Three. Two. One. Blastoff!! For most of us, navigating a spaceship through outer space is never going to happen. Most of us don’t have the drive, intellect, and stomach (to not throw up). But shooter video games like Song Zuofei’s Space Raider for the iPhone and iPod Touch offers the opportunity to fly our own little spaceships while we work the daily grind. The game features cute cartoon drawings like you’ll remember from your good ol’ kindergarten days.

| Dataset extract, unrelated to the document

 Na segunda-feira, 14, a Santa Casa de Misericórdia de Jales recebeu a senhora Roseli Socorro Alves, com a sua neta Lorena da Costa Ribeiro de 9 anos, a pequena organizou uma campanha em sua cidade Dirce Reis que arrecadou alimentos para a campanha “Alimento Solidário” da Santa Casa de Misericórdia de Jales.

Instructions are easy to follow and available before every level. It’s nice that the developer provides the mini-instructions and doesn’t assume users know how to play immediately. So how to play? You’ll slide your finger to control the spaceship, launch different weapons, and avoid enemies that come from above. In order to complete a level, you need to collect certain amounts of power boxes to finish a level. For the first few levels there are no weapons available to you, and your only goal is to avoid enemies. The levels get harder as you play with more enemies and obstacles. As you advance to the 4th level, you will have available to you: missiles, lasers, and super bombs. You can use these weapons on your different enemies when collect enough missiles, position yourself directly below enemy, and launch with the button on the lower left-hand corner of the screen At that last level you have the final boss to look forward to defeating.

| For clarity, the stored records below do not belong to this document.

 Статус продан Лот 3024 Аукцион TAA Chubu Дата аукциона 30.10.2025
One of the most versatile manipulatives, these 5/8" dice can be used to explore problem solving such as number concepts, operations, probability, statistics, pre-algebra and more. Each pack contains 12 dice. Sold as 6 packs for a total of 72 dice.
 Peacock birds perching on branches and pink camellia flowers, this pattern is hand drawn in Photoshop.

This cute little app has definite replay potential and becomes very addictive. Graphics, music, and artwork in this game are great. The folded effect of the background with moving stars was a nice touch. Sound effects were spot-on when the user loses lives, crashes into enemies, launches missiles, and gains power-ups. The controls were responsive to my touch so I didn’t have to fight to make the spaceship move unlike some other poorly made shooter games. I also appreciated the fact that my finger didn’t have to be directly over the top of the ship just to control it.
Now for some suggestions: it might be nice if the developer reiterated how to launch rockets at enemies after the 4th level instead of having users go back and see for themselves. But that’s a minor quibble. The one thing that really annoyed me was that the pause button at the upper right-hand corner was not a true pause button–when I pressed it, it would just redirect me to the start page and I wouldn’t be able to resume my game. The developer could also add a couple more levels, enemies, power-ups, backgrounds and weapons. The ability to submit personal high scores to online local and global leaderboards, recommend the game to a friend, and challenge others via social networking tools (i.e. OpenFeint), might get more users to try out the game (and make the developer some more moolah).
Overall, I would recommend this game. For what it is, it does a good job. It’s a fun little app when you’re waiting in line, stuck in elevator ride, or just have some time to fill. You’ll also be able to entertain your little cousins, nephews, or friend’s kids if you’re ever stuck babysitting. Users who don’t want to commit to buying the full version can download Space Raider Lite at the iTunes store for free. The difference between the full and lite version is that the lite version only offers the first 4 levels and 1 missile weapon.
But for $0.99, Space Raider a great little pick-up-and play app for young/old astronaut dreamers and non-dreamers alike.